Print the records below exactly, from the line containing "National Route 106" down to the line containing "应学习献血知识,了解献血常识", both lines included, and omit every picture.

══ Input

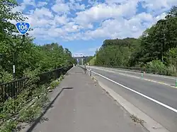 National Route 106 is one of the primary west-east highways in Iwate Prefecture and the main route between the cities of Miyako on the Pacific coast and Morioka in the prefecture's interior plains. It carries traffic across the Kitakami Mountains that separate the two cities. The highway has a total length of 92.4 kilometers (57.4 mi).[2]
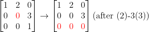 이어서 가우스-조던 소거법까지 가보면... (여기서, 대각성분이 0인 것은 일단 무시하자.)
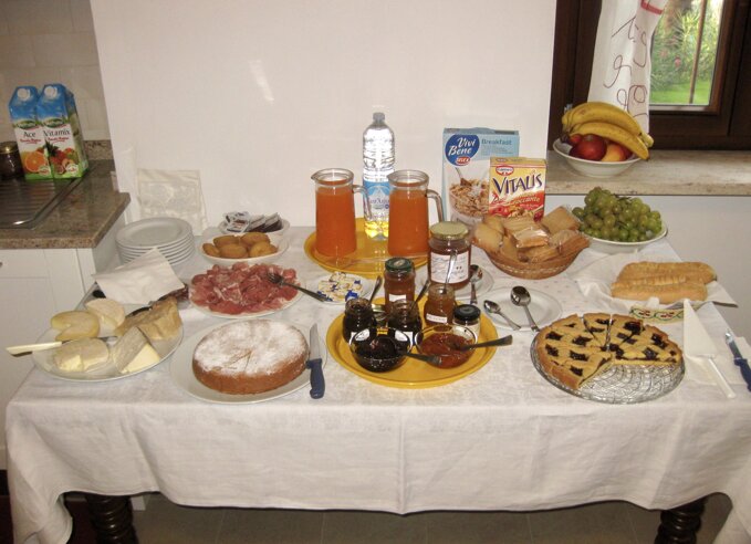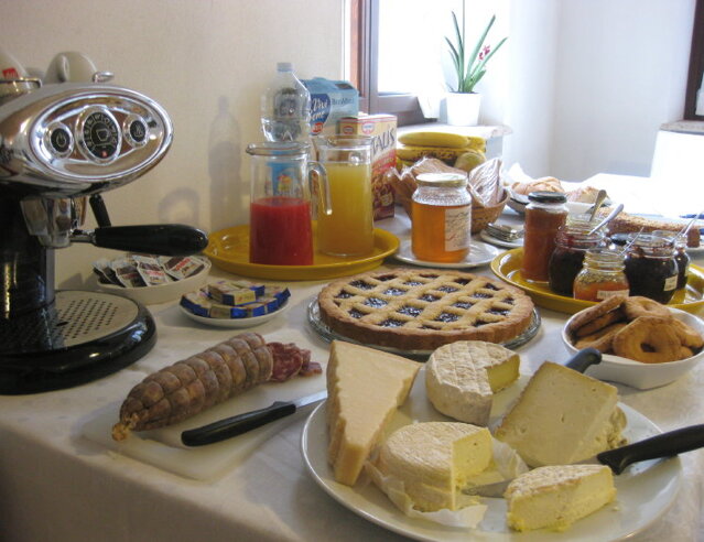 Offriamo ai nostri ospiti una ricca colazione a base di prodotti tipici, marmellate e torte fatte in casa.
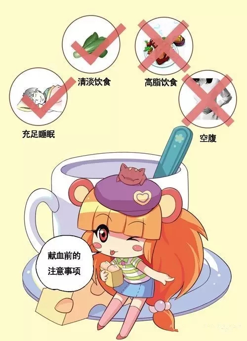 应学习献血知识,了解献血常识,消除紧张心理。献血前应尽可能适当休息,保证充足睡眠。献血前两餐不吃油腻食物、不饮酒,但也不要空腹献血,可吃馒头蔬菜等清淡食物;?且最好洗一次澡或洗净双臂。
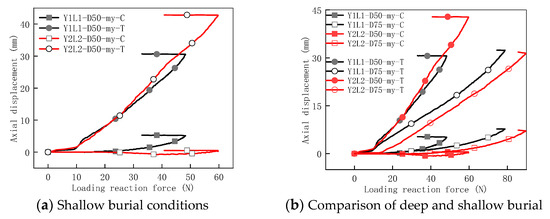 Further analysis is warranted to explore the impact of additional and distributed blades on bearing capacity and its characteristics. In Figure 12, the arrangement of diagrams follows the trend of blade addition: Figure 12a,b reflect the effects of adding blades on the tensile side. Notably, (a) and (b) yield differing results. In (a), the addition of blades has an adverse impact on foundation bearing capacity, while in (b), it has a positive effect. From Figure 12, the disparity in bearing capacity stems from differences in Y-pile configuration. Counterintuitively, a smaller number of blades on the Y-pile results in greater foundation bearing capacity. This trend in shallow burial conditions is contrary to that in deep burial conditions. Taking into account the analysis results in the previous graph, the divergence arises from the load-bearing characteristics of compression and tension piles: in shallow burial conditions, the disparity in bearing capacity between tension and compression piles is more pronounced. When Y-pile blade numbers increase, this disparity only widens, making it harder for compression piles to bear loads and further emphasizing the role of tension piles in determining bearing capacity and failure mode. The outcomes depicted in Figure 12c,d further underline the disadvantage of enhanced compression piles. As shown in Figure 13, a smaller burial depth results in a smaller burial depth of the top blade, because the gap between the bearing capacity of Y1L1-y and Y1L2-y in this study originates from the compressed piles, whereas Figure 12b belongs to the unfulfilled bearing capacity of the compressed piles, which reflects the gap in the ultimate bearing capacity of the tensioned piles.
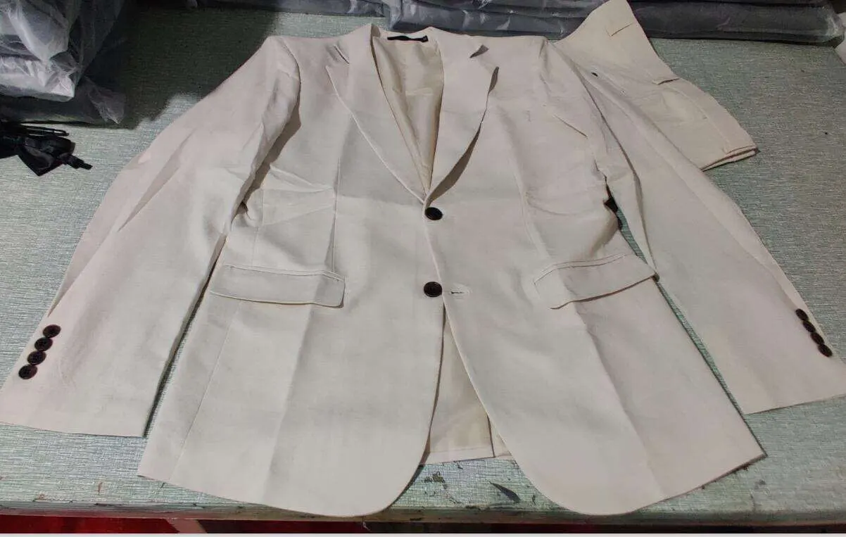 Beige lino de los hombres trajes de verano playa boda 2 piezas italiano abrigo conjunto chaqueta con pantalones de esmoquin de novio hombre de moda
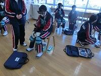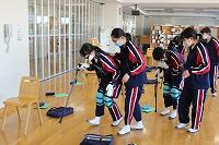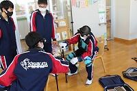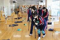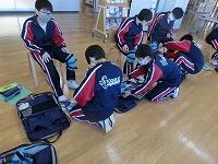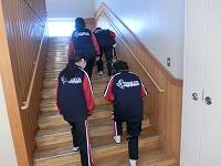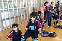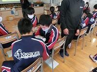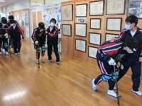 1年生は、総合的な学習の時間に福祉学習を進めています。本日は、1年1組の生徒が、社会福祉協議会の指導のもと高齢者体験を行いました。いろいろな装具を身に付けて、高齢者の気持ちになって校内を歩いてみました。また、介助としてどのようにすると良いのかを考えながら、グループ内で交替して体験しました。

════
══ Input

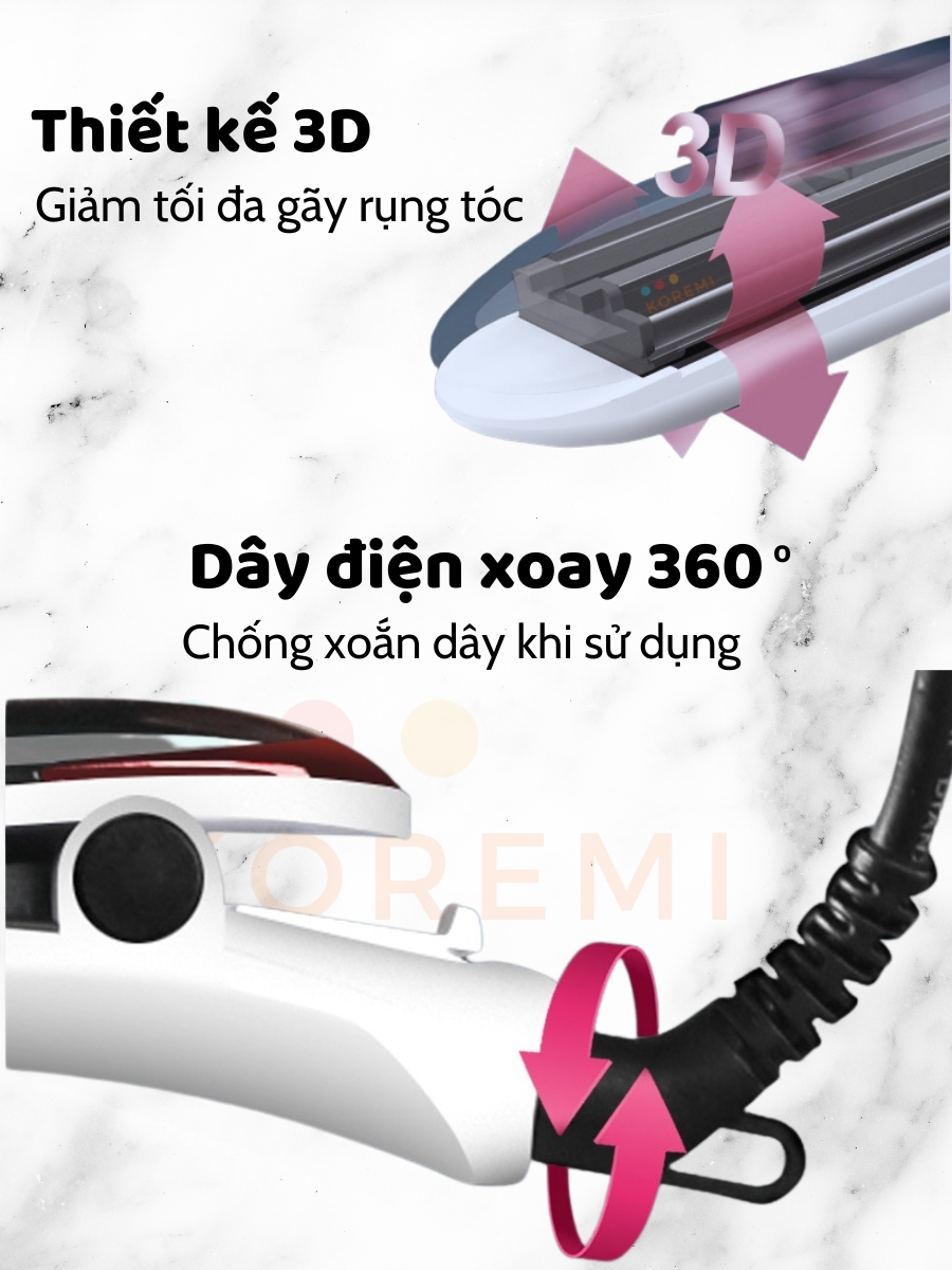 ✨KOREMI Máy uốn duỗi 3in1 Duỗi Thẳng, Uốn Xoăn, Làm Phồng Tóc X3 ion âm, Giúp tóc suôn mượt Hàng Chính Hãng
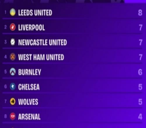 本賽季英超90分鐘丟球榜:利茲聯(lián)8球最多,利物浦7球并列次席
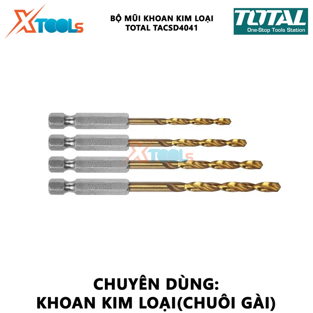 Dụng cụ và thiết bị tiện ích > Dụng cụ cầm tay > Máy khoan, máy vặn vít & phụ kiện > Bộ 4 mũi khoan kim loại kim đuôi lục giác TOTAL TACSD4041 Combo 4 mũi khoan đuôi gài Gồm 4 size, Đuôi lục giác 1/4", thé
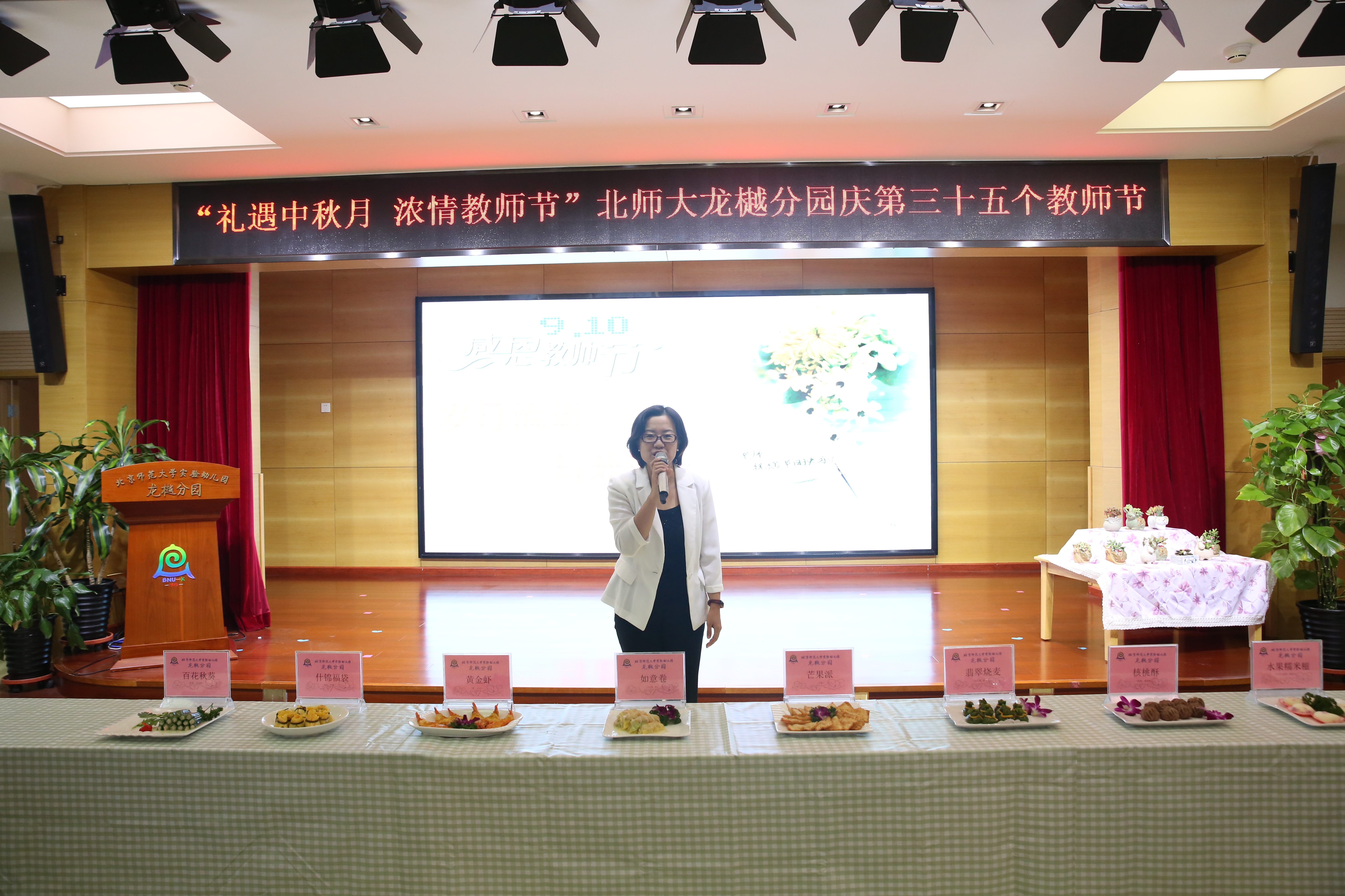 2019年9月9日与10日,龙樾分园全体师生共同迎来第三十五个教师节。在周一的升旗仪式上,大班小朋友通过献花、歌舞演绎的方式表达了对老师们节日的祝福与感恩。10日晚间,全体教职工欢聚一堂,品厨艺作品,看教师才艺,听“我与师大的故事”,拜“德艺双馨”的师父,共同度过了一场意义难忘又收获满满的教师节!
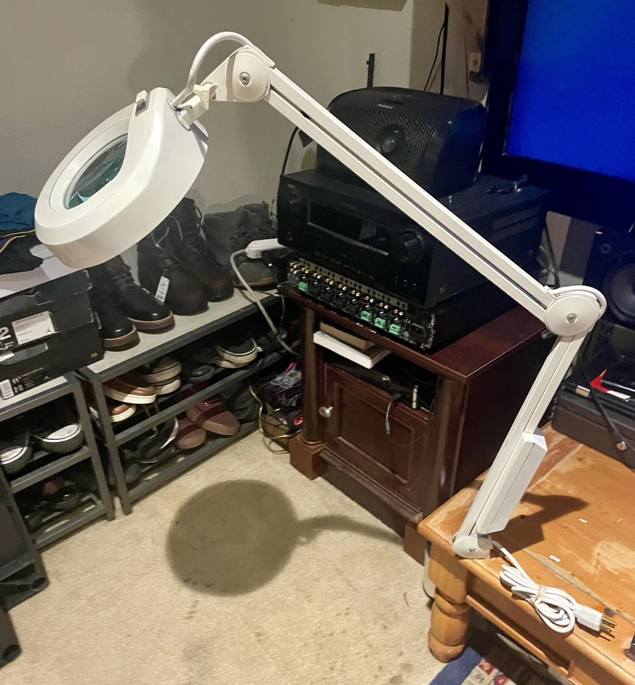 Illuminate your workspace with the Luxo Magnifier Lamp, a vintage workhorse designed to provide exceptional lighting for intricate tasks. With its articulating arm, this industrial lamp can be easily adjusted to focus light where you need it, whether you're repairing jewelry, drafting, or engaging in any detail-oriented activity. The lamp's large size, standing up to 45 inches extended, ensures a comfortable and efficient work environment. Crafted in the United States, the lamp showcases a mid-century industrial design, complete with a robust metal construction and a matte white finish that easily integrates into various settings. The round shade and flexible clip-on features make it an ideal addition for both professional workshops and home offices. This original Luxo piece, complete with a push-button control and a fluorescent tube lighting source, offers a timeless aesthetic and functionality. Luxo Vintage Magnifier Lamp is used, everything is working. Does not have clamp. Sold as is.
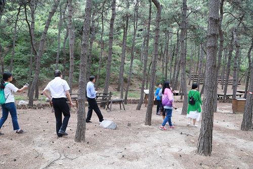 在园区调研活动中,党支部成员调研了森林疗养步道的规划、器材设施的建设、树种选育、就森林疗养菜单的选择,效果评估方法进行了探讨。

════
══ Input

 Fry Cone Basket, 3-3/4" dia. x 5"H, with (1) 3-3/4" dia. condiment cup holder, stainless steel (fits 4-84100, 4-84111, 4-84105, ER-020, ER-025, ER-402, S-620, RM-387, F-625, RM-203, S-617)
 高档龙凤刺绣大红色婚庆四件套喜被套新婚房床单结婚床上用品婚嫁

════

Answer space ->
 National Route 106 is one of the primary west-east highways in Iwate Prefecture and the main route between the cities of Miyako on the Pacific coast and Morioka in the prefecture's interior plains. It carries traffic across the Kitakami Mountains that separate the two cities. The highway has a total length of 92.4 kilometers (57.4 mi).[2]
 이어서 가우스-조던 소거법까지 가보면... (여기서, 대각성분이 0인 것은 일단 무시하자.)
 Offriamo ai nostri ospiti una ricca colazione a base di prodotti tipici, marmellate e torte fatte in casa.
 应学习献血知识,了解献血常识,消除紧张心理。献血前应尽可能适当休息,保证充足睡眠。献血前两餐不吃油腻食物、不饮酒,但也不要空腹献血,可吃馒头蔬菜等清淡食物;?且最好洗一次澡或洗净双臂。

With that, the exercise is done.